Direct invasion of enterocytes leading to cellular changes and cell death is one way in which SARS-CoV-2 can damage the GI tract8. However, the GI symptoms in COVID-19 are also likely to be generated by other pathophysiological mechanisms9. ACE2 mediates intestinal functions such as the renin–angiotensin–aldosterone system by stimulating intracellular signal pathways when bound. SARS-CoV-2 binding to ACE2 can dysregulate this function10,11. Furthermore, the gut microbiome is altered in COVID-19 patients which may lead to imbalance of gut homeostasis, inflammation and dysfunction12,13. Finally, the high levels of circulating pro-inflammatory mediators, and immune cell infiltration of the gut may perturb GI function and induce pathology6. The multi-faceted role of the gut in COVID-19 infection and severity has led to efforts in treating the disease through modulation of microbiota (probiotics14,15,16 and fecal microbial transplantation17,18), diet (e.g. fibre content1) and gut function itself (e.g. through regulating plasma serotonin which influences colonic peristaltic reflexes and GI transit19).

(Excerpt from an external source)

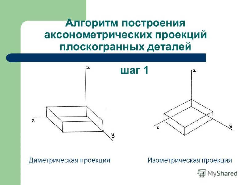 Алгоритм построения аксонометрических проекций плоскогранных деталей шаг 1 Диметрическая проекция Изометрическая проекция

We investigated the role of the gut in affected COVID-19 patients, grouped according to mild and moderately severe disease, who were admitted to Fondazione Ca’ Grande Ospedale Maggiore Policlinico (Lombardy, Italy)20. For this pilot study we assayed commonly used plasma biomarkers of gut permeability (zonulin) and enterocyte cell death (Intestinal Fatty Acid Binding Protein / Fatty Acid Binding Protein 2, I-FABP/FABP2) as well as a range of plasma metabolites with nuclear magnetic resonance (NMR) spectroscopy21. The earliest available timepoint plasma sample (closest to date of admission) was analysed and compared to patient clinical data recorded within 3 days of the experimental sample collection. We hypothesised that circulating plasma markers of gut inflammation and damage would differ according to severity of disease and could correlate to circulating levels of metabolites as measured by NMR spectroscopy.
Results
General characteristics of the pilot study cohort
Patients were grouped based on the ultimate level of breathing support that they received. Patients receiving nasal cannula (n = 17) or VentMask (n = 1) were placed in the mild group, while those who received CPAP were grouped as moderately severe (n = 19) (Table 1). Importantly, we use the classification ‘moderately severe’ as no patients were sedated and on parenteral nutrition receiving mechanical ventilation or extracorporeal membrane oxygenation (ECMO).
Within the moderately severe group, five patients (26.3%) succumbed to death. The gender and age distributions of the two groups were similar, and the only significantly different comorbidity was obesity, which was more common in the moderately severe group, though it was not possible to ascertain in all participants (Supplementary File 1).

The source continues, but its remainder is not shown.